> _Task brief_: Pictures must not appear in the copy. Restate exactly the lines below from the one with "In der gesamten" through the one with "Cuando esté todo", inclusive.

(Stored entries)
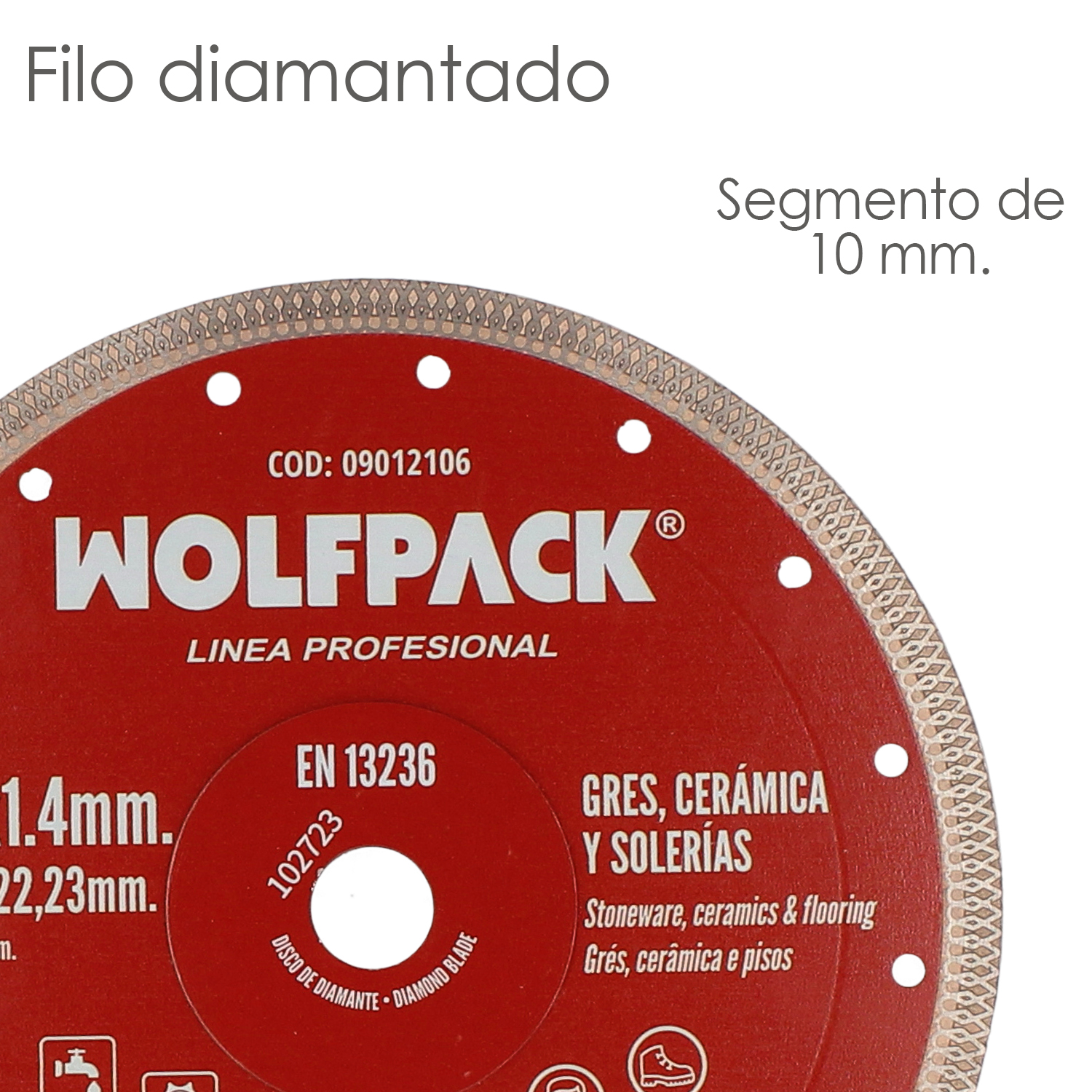 – Segmento de 10 mm. con alta aportación de diamante y un diseño especial para favorecer el corte de los materiales indicados.
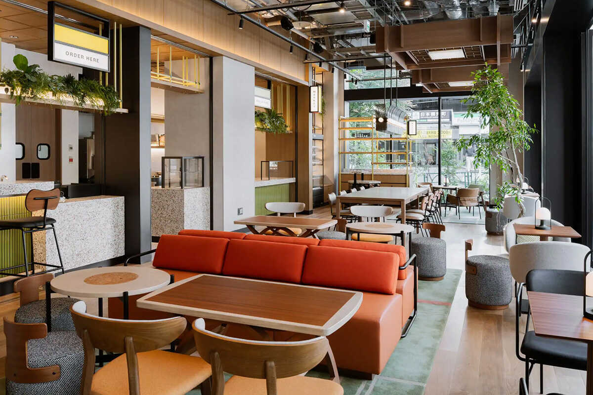 ハイアットホテルの中でも遊び心がある雰囲気が特徴の〈キャプション バイ ハイアット 兜町 東京〉。ホテルの中でも、気軽に立ち寄ることができるのが1Fにテラスも構えるカフェ&ダイニング〈トークショップ〉だ。カラフルな店内はリビングのように居心地がよく、ワイワイと友人や仕事仲間とおしゃべりを楽しめる場所。定期的に開催される音楽イベントなどは、飛び込みで参加するのだってOK!
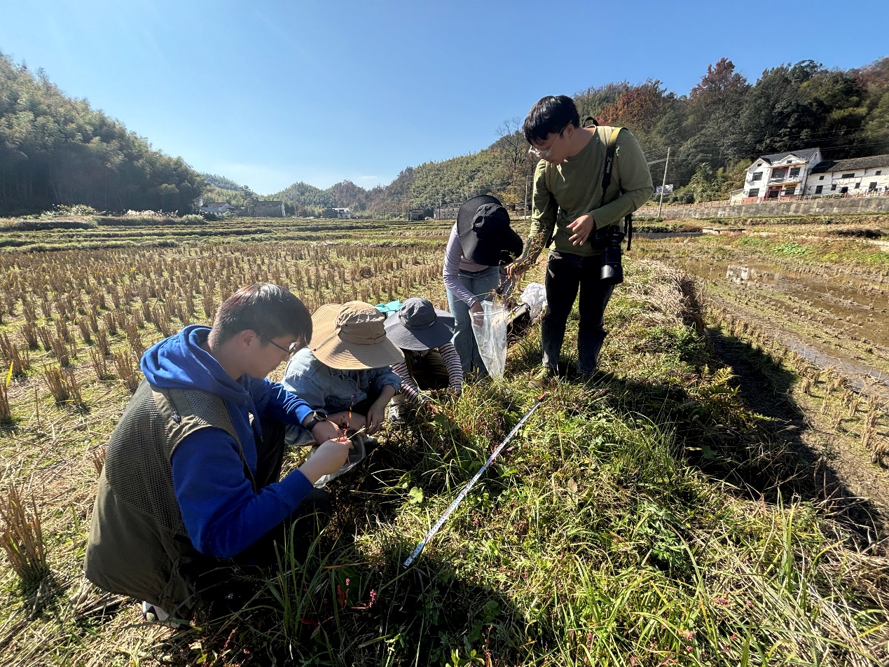 在稻田核心区观察和采集植物标本
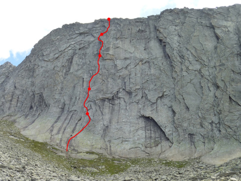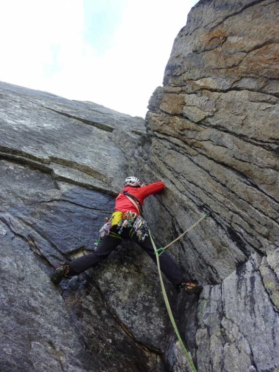 In der gesamten Route stecken nur 2 Normalhaken, 3 Seilschlingen und ein Friend, der nicht mehr zu retten war… Dementsprechend sind genügend mobile Sicherungsmittel mitzubringen!
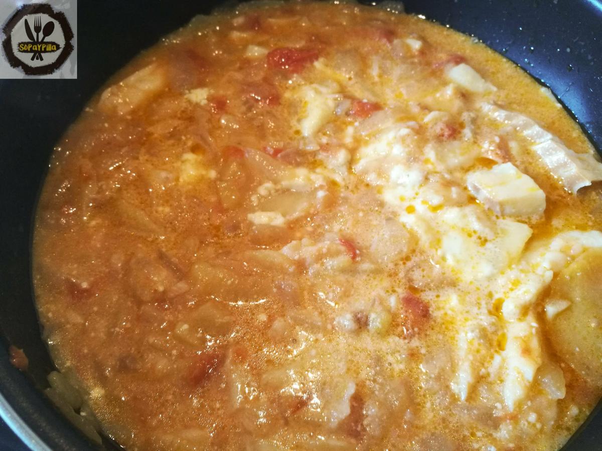 Cuando esté todo cocido, apartar del fuego y añadir el allioli por encima.
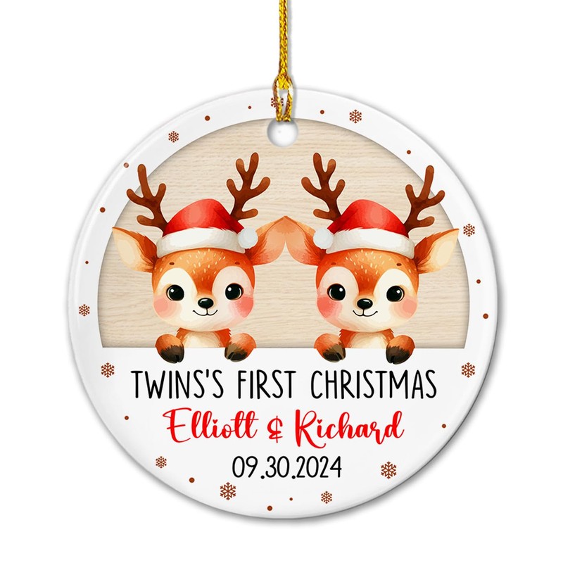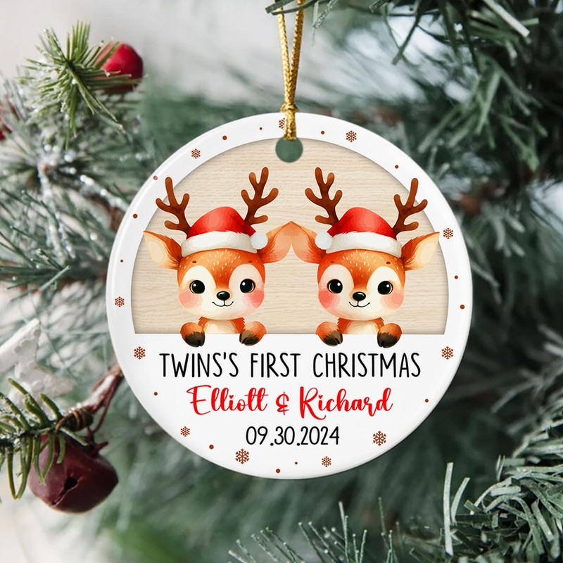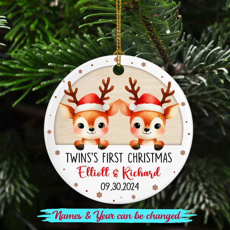 Personalized Baby Twins' Ceramic Ornament, Baby Deer Twins' First Christmas Ornament Gift for New Parents Twin Babies, Custom Names Baby Twins Xmas Ornament, Baby Twins 1st Christmas Ceramic Ornament

> _Result for this task_:
 In der gesamten Route stecken nur 2 Normalhaken, 3 Seilschlingen und ein Friend, der nicht mehr zu retten war… Dementsprechend sind genügend mobile Sicherungsmittel mitzubringen!
 Cuando esté todo cocido, apartar del fuego y añadir el allioli por encima.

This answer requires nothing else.